The invention relates to a pedestrian re-identification method based on depth measurement, which comprises the following steps: 1) Training a ResNet-50 network by taking the ImageNet data set as a training data set to enable the ResNet-50 network to have an initial value; 2) Removing the softmax layer and the last fully-connected layer of the ResNet-50 network; 3) Forming a depth measurement network by using a plurality of nonlinear full-connection layers, and adding an Euclidean distance calculating unit after outputting; 4) Connecting a depth measurement network after the ResNet-50 network is adjusted to form a final network model of the invention; 5) Randomly cutting images in the pedestrian re-identification training data set to obtain a group of training data sets with 224 multiplied by 224, randomly selecting pedestrians with different P positions from the training data sets, and randomly selecting K images for each pedestrian to form a small training batch; 6) Optimizing the network in 4) by minimizing Hard Triplet Loss loss function using the training data obtained in 5), and performing this step in a loop until the loss value converges; 7) Inputting the pedestrian image to be identified and the images in the candidate library into the optimized model, and obtaining the feature vector of the pedestrian image on the same feature space; 8) And calculating Euclidean distance between the feature vectors, sequencing the distance, and finally obtaining the matching rate of the pedestrian image to be identified and the comparison image.

Description

Pedestrian re-identification method based on depth measurement
Technical Field
The invention relates to the field of intelligent analysis of surveillance videos, in particular to a pedestrian re-identification method based on depth measurement.
Background
Pedestrian re-identification refers to the problem of matching pedestrians under different camera angles in a system consisting of multiple cameras, and relates to numerous research hotspots such as feature selection, saliency extraction, distance measurement learning, deep learning and the like. The pedestrian re-identification technology provides key help for analysis of different aspects of pedestrian identity, tracking and the like, and is developed into a key component in the intelligent video monitoring field.
The main methods in the pedestrian re-recognition field can be divided into the following two categories: 1) A pedestrian re-identification method based on characteristic representation; 2) A method based on distance metric learning.

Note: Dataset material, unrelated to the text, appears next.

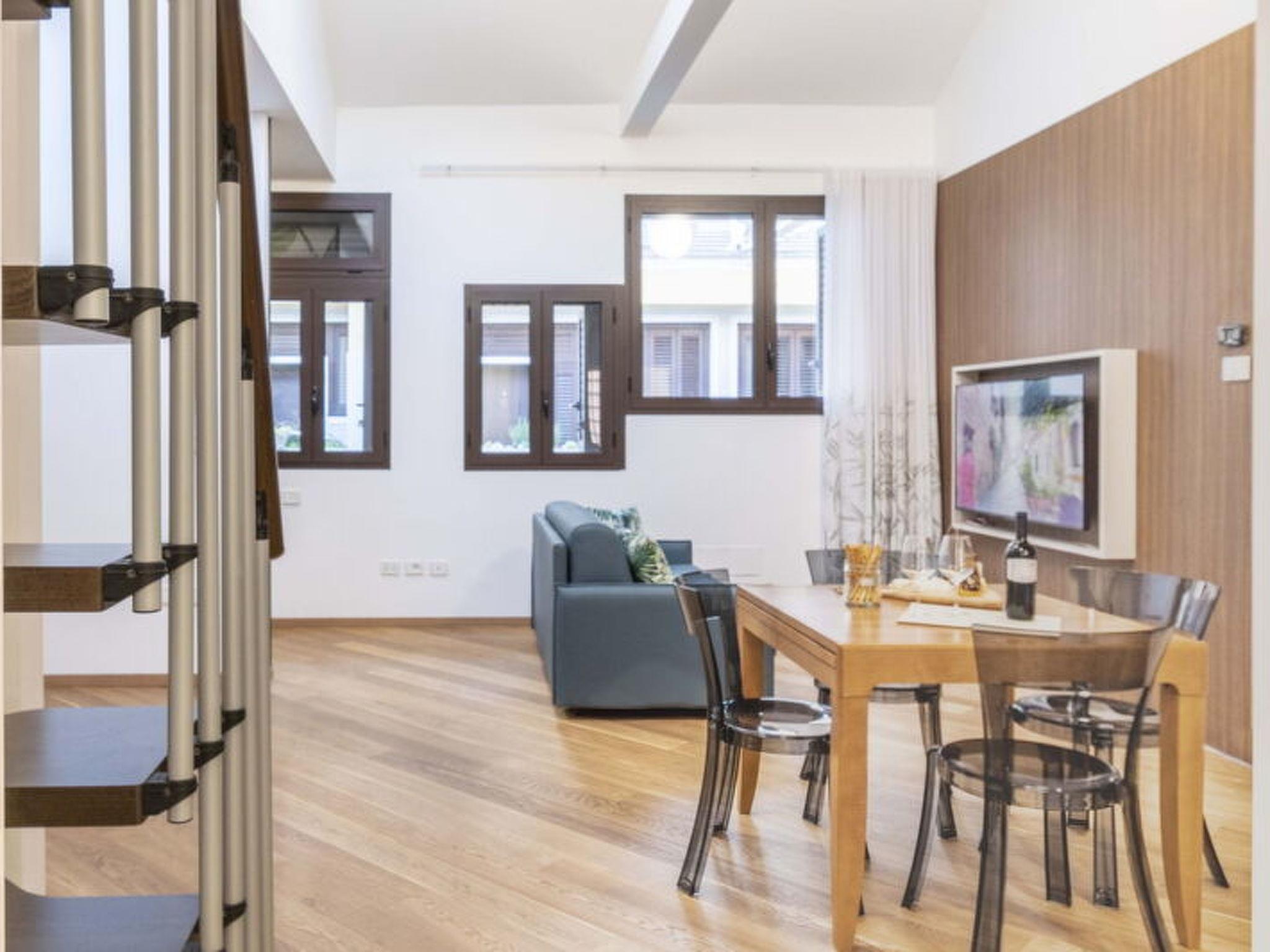 Discover the Suite Trastevere, an elegant oasis of comfort in the vibrant heart of Rome. This unique apartment accommodates up to 4 guests, featuring a stylish wall-mounted double bed that blends seamlessly into the living area and a comfortable sofa bed. The interiors, defined by modern and cozy design, are enhanced by wooden details and contemporary touches, creating a warm and relaxing atmosphere.The true highlight is the private patio, an intimate outdoor corner furnished with a charming seating area, perfect for enjoying a glass of wine or breakfast in the open air, surrounded by a serene ambiance.Ideal for those eager to explore the eternal city, Suite Trastevere is just steps away from the most authentic alleys of the neighborhood and its famous restaurants, bars, and boutiques. Let yourself be enchanted by the perfect blend of style, comfort, and a strategic location: your home in Rome awaits!A cozy patio with seating and a small table provides a peaceful spot to relax or enjoy an aperitif outdoors.Rome, the Eternal City, is a place where the past and present coexist in a unique harmony. Every corner of the city tells a story of its millennia-old history. Strolling through its streets, you can admire extraordinary landmarks such as the Colosseum, the symbol of the Roman Empire, and the Roman Forum, once the political and social heart of ancient Rome. Yet Rome is not only about ancient history: the Vatican Museums, with their incredible collection of art, and Michelangelo’s Sistine Chapel testify to centuries of creativity and faith. The Pantheon, with its perfectly engineered dome, is an architectural marvel that leaves visitors in awe.Don’t miss the chance to toss a coin into the Trevi Fountain to ensure your return and marvel at the Spanish Steps, offering breathtaking views over Piazza di Spagna. Explore the bohemian Trastevere district, with its cobblestone streets, traditional trattorias, and authentic Roman atmosphere. Take a stroll along the Tiber River or visit one of the city’s historic markets, such as Campo de’ Fiori, to experience Roman daily life.Rome is also a city that knows how to take its time: relax in the gardens of Villa Borghese or enjoy a sunset from the Gianicolo Hill, which offers a panoramic view of the city. Roman cuisine is another unforgettable experience: from carbonara to carciofi alla giudia, every dish is a journey through the flavors of tradition.In every season, Rome offers unique emotions: a perfect blend of art, culture, beauty, and vitality. It’s a city to be savored slowly, letting yourself be surprised by the details, the lights illuminating it at sunset, and the warm hospitality of its inhabitants.

The former aims at designing or learning features that are robust to changes in illumination and viewing angle, etc., and this type of approach typically combines multiple underlying visual features, where the underlying secondary features are typically color (color space, histogram, dominant color, etc.) and texture (LBP, gabor, co-occurrence matrix, etc.) features. For example: symmetry-based cumulative feature descriptors, covariance descriptors, horizontal stripe-based partition descriptors, pyramid match descriptors, pattern matches, saliency matches, deep learning models, and so forth. The method solves the problems of illumination, visual angle and the like to a certain extent, but only can extract the bottom visual information, the feature extraction rule is fixed, and the robustness and the adaptability of the features are limited to a certain extent.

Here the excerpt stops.